Потом Таечка вышла, оставив их вдвоем в кабинете Сигова.
— И что у тебя за проблемец ко мне, выкладывай, — удобно расположившись в кресле, спросил Сигов.
— Может, он и пустяковый, Григорий Николаевич, и никакой загадки не представляет… Вашего деда касается, Николая Антоновича.
И Толя выложил содержание архивной папки.
— Он как, — спросил, — в лесу-то оказался?
Ни к какой реакции собеседника он готов не был: в горле сохло, напрашивался приступ кашля, тянула-опоясывала ноющая пустота внутри. Да и что, казалось ему, за вопрос для родственника: наверняка все просто как божий день.
— Какой, говоришь, номер «Дела»? — не меняя тона и вопросом на вопрос ответил Сигов.
Перегнувшись из кресла к столу, взял из стакана ручку, ждал.

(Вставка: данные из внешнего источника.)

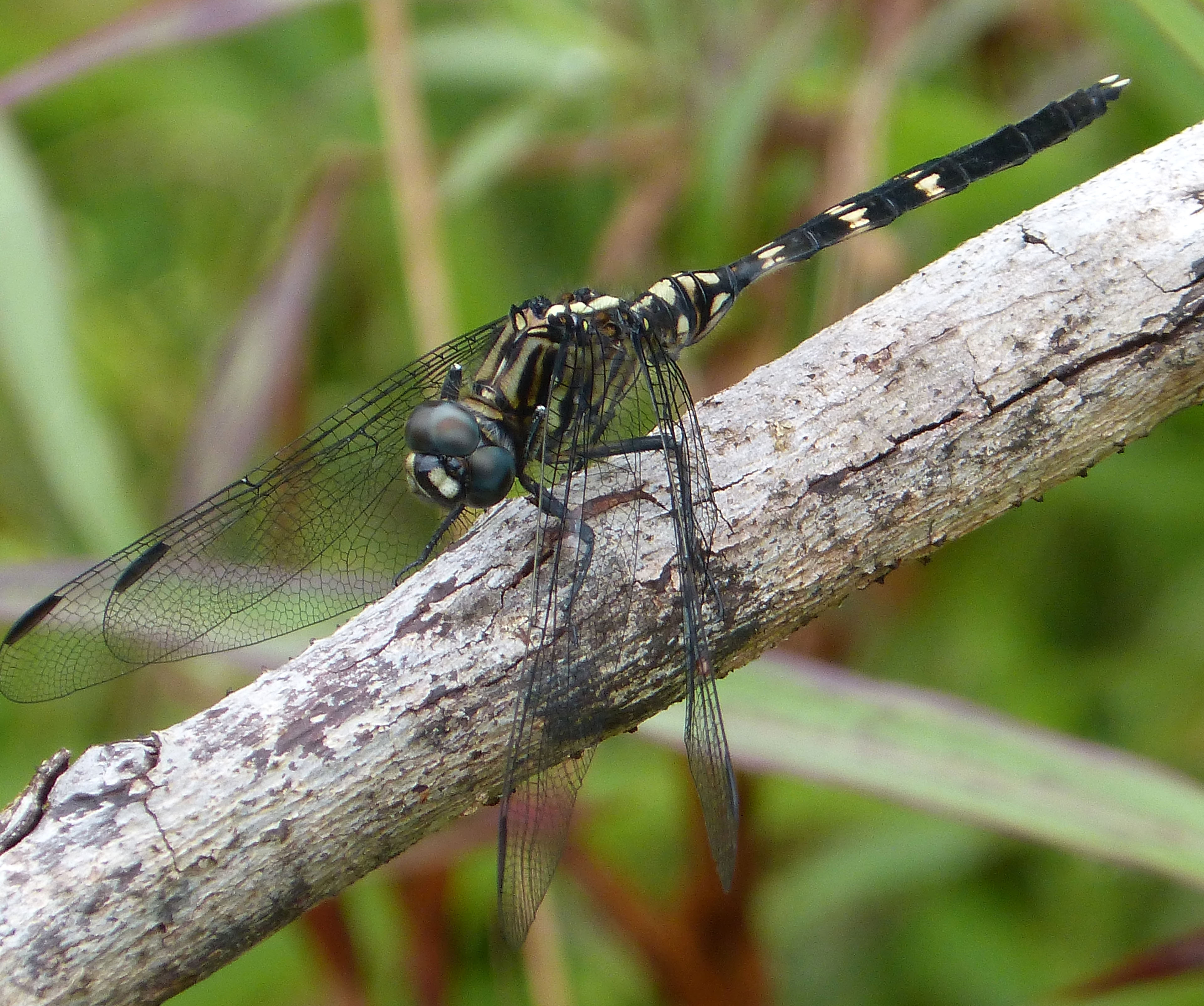 Mauritian Endemic. Three seen over two days IUCN List for endangered Species.....listed as 'Endangered'

Толя листал свой блокнот и видел, как перед его глазами заходила-запрыгала нога хозяина в синем шлепанце, до того спокойно лежавшая на колене.
Сигов записал номер небрежной почеркушкой. Нога продолжала подергиваться.

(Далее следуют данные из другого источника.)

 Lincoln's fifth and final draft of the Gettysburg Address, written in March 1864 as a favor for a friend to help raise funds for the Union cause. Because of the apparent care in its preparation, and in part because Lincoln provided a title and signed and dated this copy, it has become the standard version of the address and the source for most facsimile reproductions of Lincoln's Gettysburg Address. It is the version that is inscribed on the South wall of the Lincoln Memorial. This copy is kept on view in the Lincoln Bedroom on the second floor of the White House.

Толю долго ломал кашель. А когда он снова глянул на Сигова, что-то в нем изменилось. Он, похоже, уже долго и пристально смотрел на зашедшуюся в кашле тщедушную фигурку, занимающую всего едва ли не четверть кресла. Все было маленькое и какое-то скомканное в нем: лицо с острыми скулами, пегие волосенки, полудетский пиджачок и руки с тоненькими желтыми пальцами. А вот его вопрос Сигова озадачил.
— Тебе это зачем, Анатолий Романович?
Толе стало как-то не по себе от его взгляда и голоса. Ему послышались в нем совсем другие слова: «Ты посмотри на себя, дядя, разуй зенки: ты ведь правой ногой в могиле стоишь».

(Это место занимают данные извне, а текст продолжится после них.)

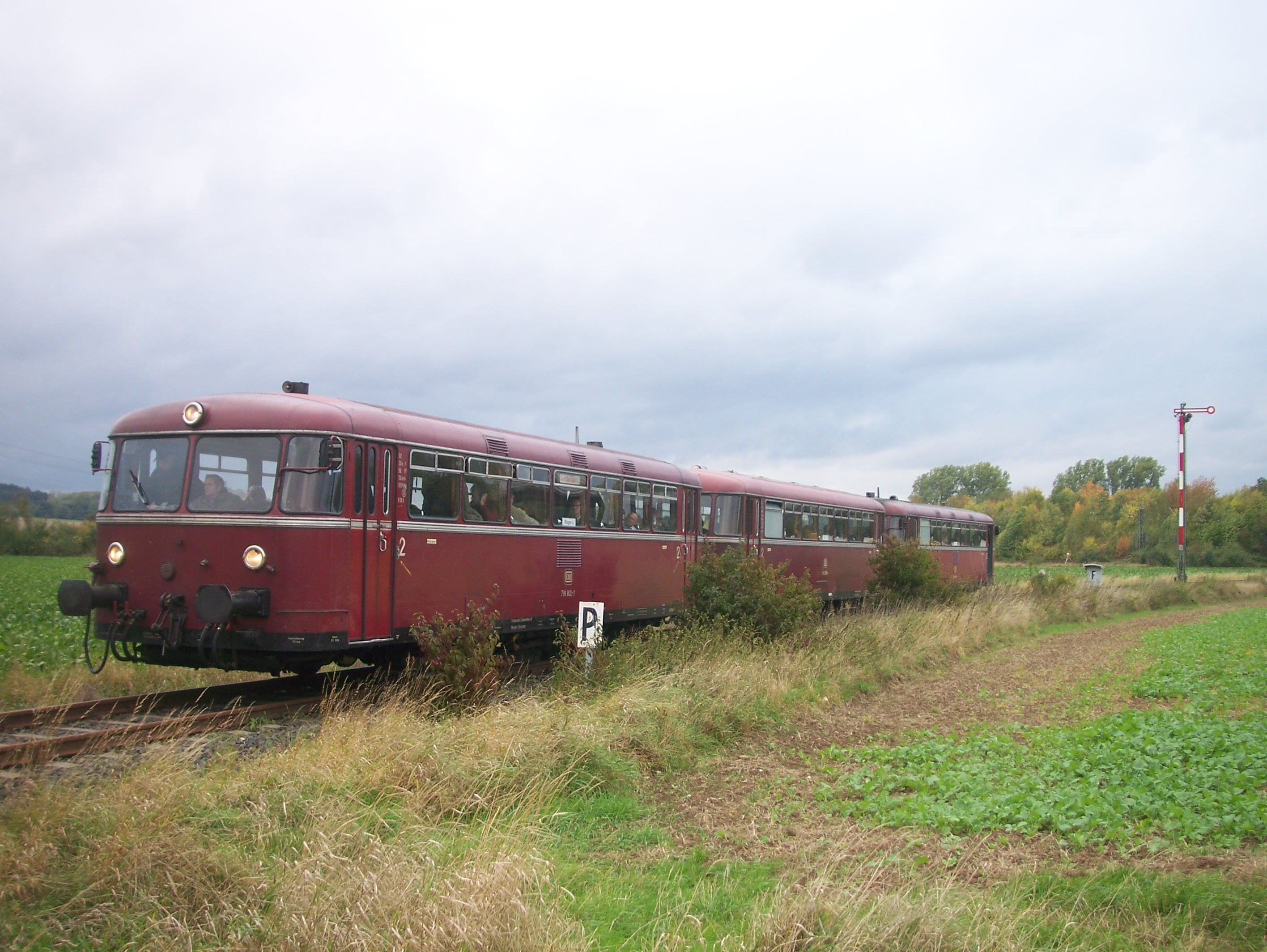 Schienbus einer DGEG-Sonderfahrt. Am Einfahrsignal von Emmerthal

Толя почувствовал, как задергалось у него левое веко — верный признак неуступчивости, которая столько раз ставила ему в жизни подножки.
— Я историк…
Сигов словно этого слова и ждал.
— Исто-орик… — протянул он. — Штука не в том. Чей историк — вот ведь где собака-то зарыта.
Похоже, что вместо ответа на вопрос он был склонен устроить гостю ликбез.
— Историк рабочего класса, — как школяр, отозвался Толя.
— Вот. А какая история нужна рабочему классу, знает его авангард — КПСС. Перед тобой, Толя, ее представитель, законно избранный этим классом на высокий руководящий пост. Еще вопросы есть? Давай теперь по коньячку.
Говорилось это покровительственно-несерьезным тоном, который, Толя знал, в любую секунду мог стать официально-приказным, не подлежащим обсуждению. Все зависело от того, насколько хватит у Сигова к нему, Рудвалю, расположения.
Направляясь к Сигову, он не предполагал, что его конкретный вопрос вызовет дискуссию.
— Рабочему классу не любопытно знать, как погиб один из его героев? — окуляры Рудваля смотрели неуступчиво.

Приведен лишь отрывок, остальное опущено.